Oxidative Coupling of Gallic Acid to Yield Ellagic Acid.

Yu et al.²⁴ utilized glucansucrase derived from Leuconostoc mesenteroides B-512 FMCM and sucrose for the transglucosylation of EA glucoside (Figure 3). The enzymatically produced product underwent purification through C₁₈ column chromatography and a 50% ethyl acetate fraction. Employing response surface methods with 150 mM sucrose, 300 mU/mL glucansucrase, and 5 mM EA, the yield of EA glucoside reached 69% (3.47 mM). Remarkably, synthetic EA glucoside exhibited superior water solubility, increased protection of brain nerve cells (SH-SY5Y) by up to 58%, a threefold reduction in cortisol, and a fourfold inhibition of acetylcholinesterase (AChE) compared to EA. These results suggest the potential employment of the neuroprotective drug EA glucoside.²⁴

Figure 3.

Optimization of Ellagic Acid Glucoside.

In a study by Alam et al., EA synthesis was accomplished with a 48% yield over four steps, starting from methyl gallate.²⁵ However, there was an expectation of achieving a more concise and efficient synthesis. Methyl gallate, obtainable commercially or through the methylation of gallic acid, was subjected to various oxidants, including cerium ammonium nitrate, phenyliodine diacetate (PIDA), ferric chloride hexahydrate, and ferric chloride silica. The treatment with PIDA (1.5 equivalent) in boron trifluoride etherate (1.5 mL) at room temperature proved to be the most successful dimerization protocol, yielding the dimeric precursor in 80% after 16 hours. The biaryl was then quantitatively converted to the natural product when heated at reflux in aqueous methanol (1:1) for 24 hours. Remarkably, allowing the phenyliodine bis (trifluoroacetate) reaction mixture to stir at room temperature for 24 hours led to complete cyclization, providing the natural product in 83% yield directly from methyl gallate (Scheme 3; Figure 4). This approach represents an improvement in the synthesis of the bioactive natural product EA.²⁵

Figure 4.

Note: BeF₃ OEt₂: Boron trifluoride etherate; FeCl₃·6H₂O: Ferric chloride hexahydrate; FeCl₃·SiO₂: Ferric chloride silica; MeOH: Methanol; PIFA: Phenyliodine bis (trifluoroacetate).

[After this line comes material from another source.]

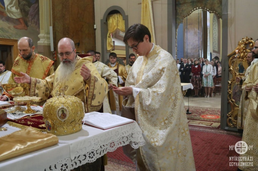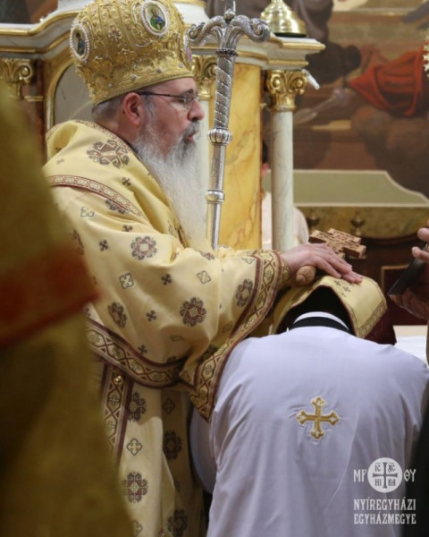 A görög főpásztor személyesen a szentelendőhöz intézte prédikációját. Beszédében a Szent Liturgia olvasmányait emelte ki. Elsőként Az apostolok cselekedeteiből vett olvasmányra utalt, mely leírja a hét diakónus, a közösséget szolgáló hét férfi kiválasztását, akik szolgálatukkal a testvéri szeretet munkatársaivá válnak a keresztény hívők között; ezt követően Márk evangéliumából idézte Arimateai József alakját, az előkelő Józsefét, akinek gondja volt Jézus testének eltemetésére, valamint emlékeztetett a kenethozó asszonyokra, akik vasárnap hajnalban siettek, hogy illatos szerekkel kenjék be Jézus testét.

Sources and Pharmacological Effects

EA, a naturally occurring phenol antioxidant that is present in vegetables and fruits, has a high correlation with a lower chance of contracting chronic illnesses, including CVD and cancer. EA is found in a variety of vegetables and fruits, including persimmons, raspberries, pomegranates, black plums, peaches, and wild strawberries (Table 1).²⁶ It may exist as derivatives or in free form, mostly as complex polymers referred to as ETs, which can be degraded by gut flora and physiological pH, levels of plasma boost of the acid following the consumption of vegetables as well as fruits.²⁷ A thorough and current assessment of the biological activities of EA and prospective therapeutic uses was the goal of the Shakeri et al.’s study. EA is found in nuts and fruits in two different forms: bound (ETs) and coupled with hexahydroxydiphenic acid. Many biological characteristics, including antidiabetic, apoptosis-inducing effects, anticancer, and antioxidant, are shown by EA. These pharmacological and biological characteristics are important for treating a number of human disorders. EA is a potential therapeutic agent against human illnesses, including cancer, due to its numerous modes of action.²⁸

Table 1.

Different Sources of Ellagic Acid.

Source	Name	Parts	References
Blackberry	Rubus ursinus	Fruit	Daniel et al.²⁹
Pyrenean oak	Quercus pyrenaica	Wood	Alañón et al.³⁰
Red raspberry	Rubus idaeus	Fruit	Määttä-Riihinen et al.³¹
Strawberry	Fragaria ananassa	Fruit	Määttä-Riihinen et al.³¹
Kakadu plum	Terminalia ferdinandiana	Fruit	Konczak et al.³²
Eucalyptus	Eucalyptus globulus	Leaves	Liu et al.³³
Walnuts	Juglans nigra	Seed and nuts	Daniel et al.²⁹

Biological Activity of EA

EA is still being used as a test substance, and the findings are optimistic. Still, ETs and EA derivatives have also been extensively studied, and it appears that they have more potential to develop. Infectious agents including viruses, fungi, bacteria, and even protozoa have been the subject of reports of their action on diseases.^34–37 Furthermore, the GABAergic system involvement of EA/ETs, inhibition of important enzymes like AChE, protein tyrosine phosphatases, and aldose reductase, interaction with serotonergic as well as adrenergic systems and suppression of proinflammatory markers, provide a strong foundation for potential breakthroughs in the treatment and/or prevention of many illnesses and associated clinical complications.^{38, 39} For instance, some recent research indicated that EA may function as an AChE inhibitor, raising levels of acetylcholine in the brain. As a consequence, cognitive dysfunctions in neurodegenerative diseases like Alzheimer’s disease may be partially reduced or even reversed.^{40, 41} Last, but not least, it has been revealed that one of EA’s most well-known effects, the prevention of melanogenesis, is at least largely a result of its antioxidant strength.⁴²

Some possible biological uses of EA, ETs, and derivatives are summarized in Table 2 and Figure 5. It is evident from research conducted in the last 10 years that there are several potential uses for EA and ETs in the pharmaceutical and biomedical industries.

Table 2.

Impacts of Ellagic Acid, Ellagitannins and their Derivatives.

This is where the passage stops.